3 -A atualização extraordinária do preço a que se refere o n.º 1 fica sujeita a autorização prévia a conferir por despacho dos membros do Governo responsáveis pelas áreas setoriais e pela área das finanças, mediante solicitação fundamentada da entidade adjudicante, acompanhada de relatório financeiro que demonstre que o preço contratual acordado, em virtude da entrada em vigor do Decreto-Lei n.º 254-A/2015, de 31 de dezembro, sofreu uma alteração não coberta pelos riscos próprios do contrato, com impactos substanciais sobre o valor do contrato.
4 -O relatório financeiro referido no número anterior é apresentado pelo cocontratante prestador de serviços à entidade adjudicante, o qual deve evidenciar que os motivos que fundamentam o pedido de atualização especial do preço não foram devidos a defeito de previsão do cocontratante nem eram inerentes ao risco próprio do contrato, designadamente por variações de custos com salários, devendo os valores a considerar ser deduzidos das atualizações anuais já previstas no contrato e ter em consideração que esta componente salarial representa apenas parte do valor do global do contrato.

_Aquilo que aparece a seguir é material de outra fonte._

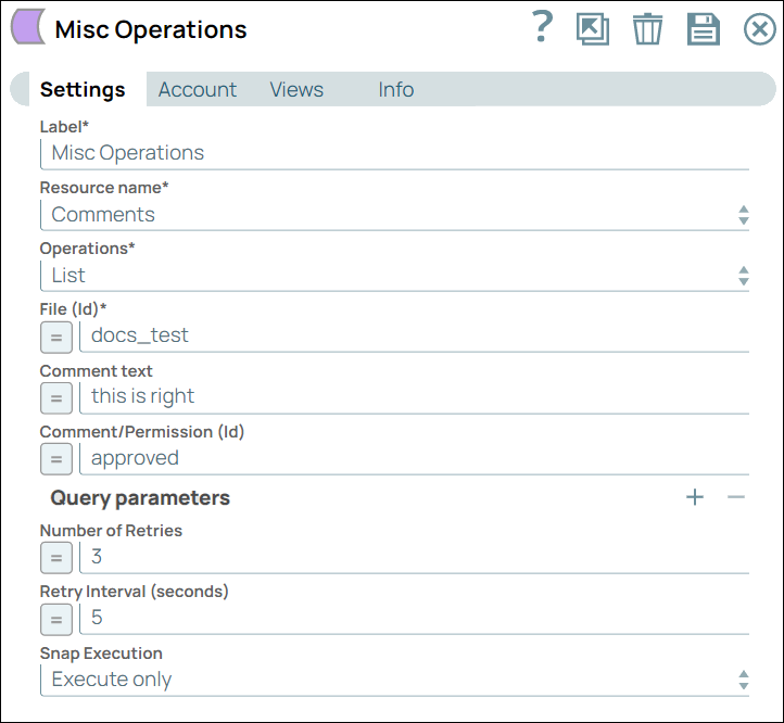 | Number of Retries | Integer/Expression | Enter the integer value to specify the number of attempts the Snap should make
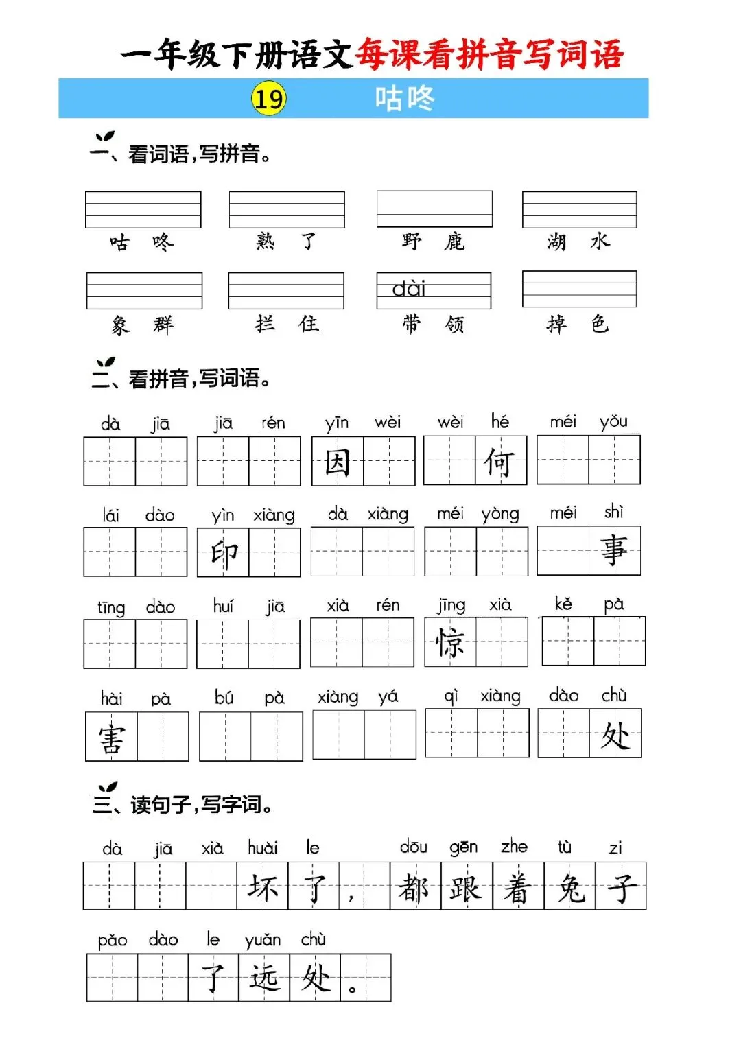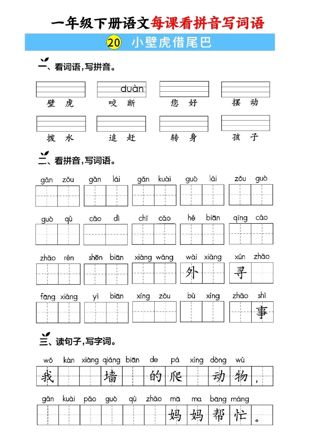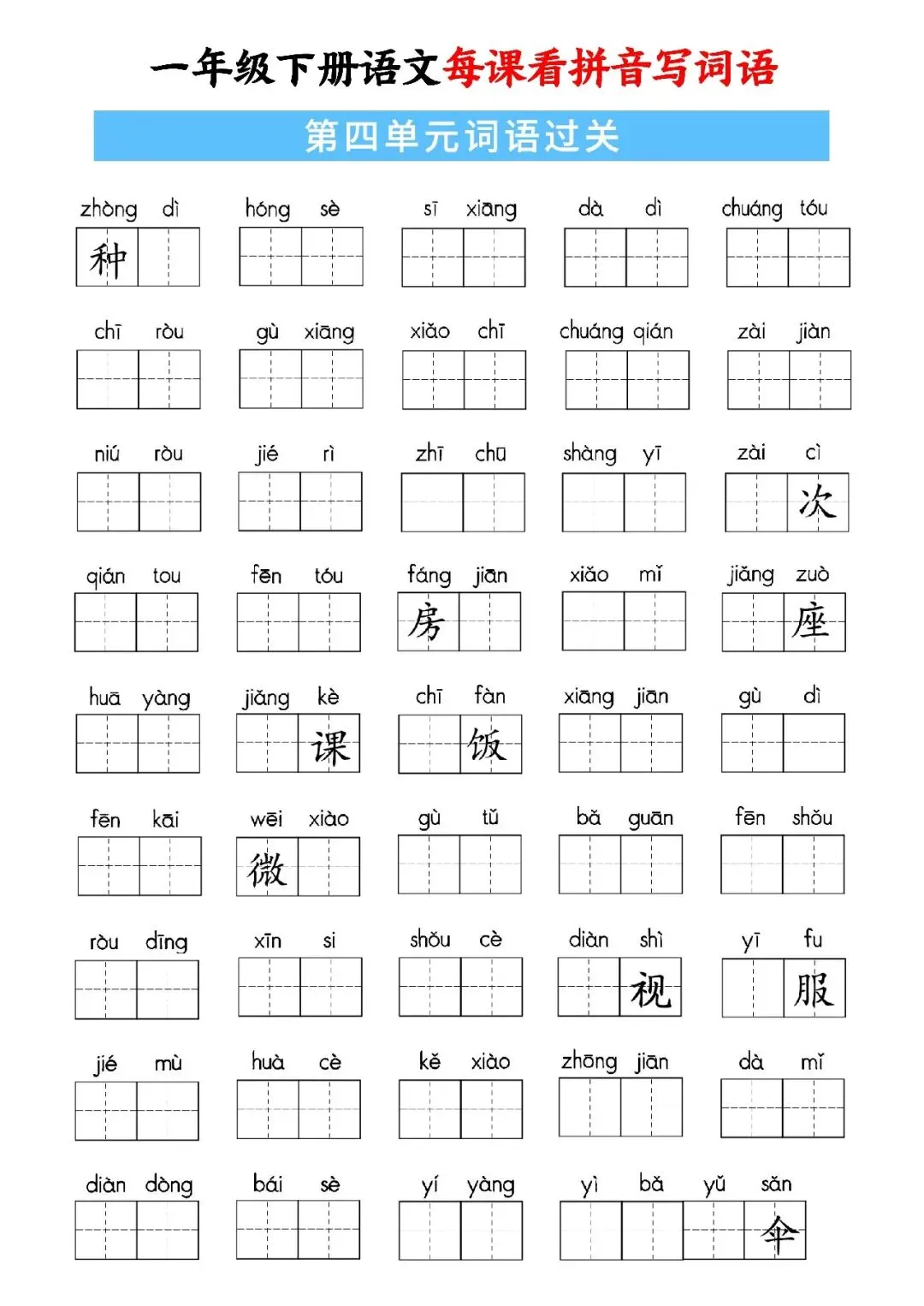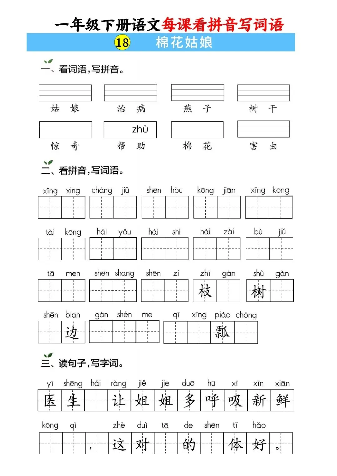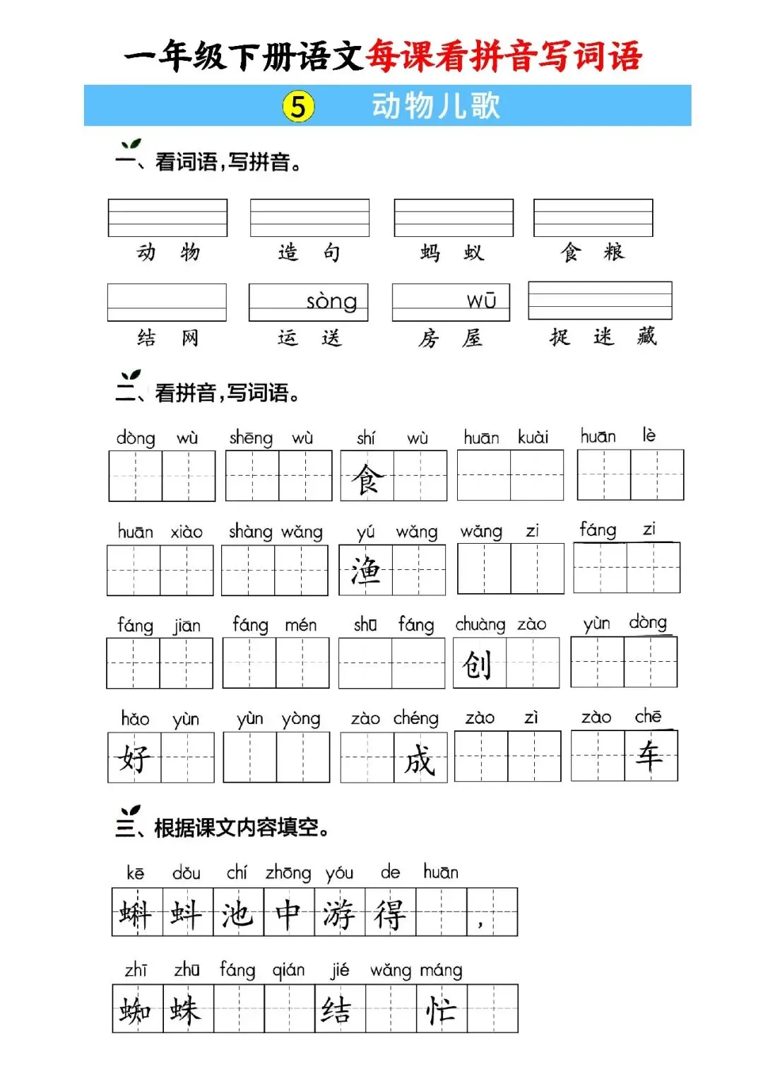 大家好,这里是淘学学资料库,这份《一年级下册语文每课看拼音写词语》,完整 pdf 电子档共59页。这份资料同步一年级下册语文全册课文,按单元与课时编排,包含每课看拼音写词语、词语注音、句子填词、单元过关、期中期末专项练习等内容,覆盖课本全部必会生字词,题型贴合日常作业与考试,附带完整答案,方便孩子每日默写巩固。这份资料按课时循序渐进,从基础字词到句子运用再到综合过关,全面训练孩子拼音认读、汉字书写与词语运用能力,每天练习一页就能扎实掌握课本词语,既能夯实识字写字基础,又能提升拼读与书写规范度,适合课前预习、课后复习、期中期末冲刺,是孩子巩固语文基础、减少错别字的实用资料。

5 -No caso de contratos celebrados com entidades referidas no artigo 2.º da Lei n.º 73/2013, de 3 de setembro, alterada pelas Leis n.os 82-D/2014, de 31 de dezembro, 69/2015, de 16 de julho, 132/2015, de 4 de setembro, e Lei do Orçamento do Estado, a autorização a que se refere o n.º 3 do presente artigo é da competência do respetivo órgão deliberativo ou, na inexistência deste, do órgão executivo.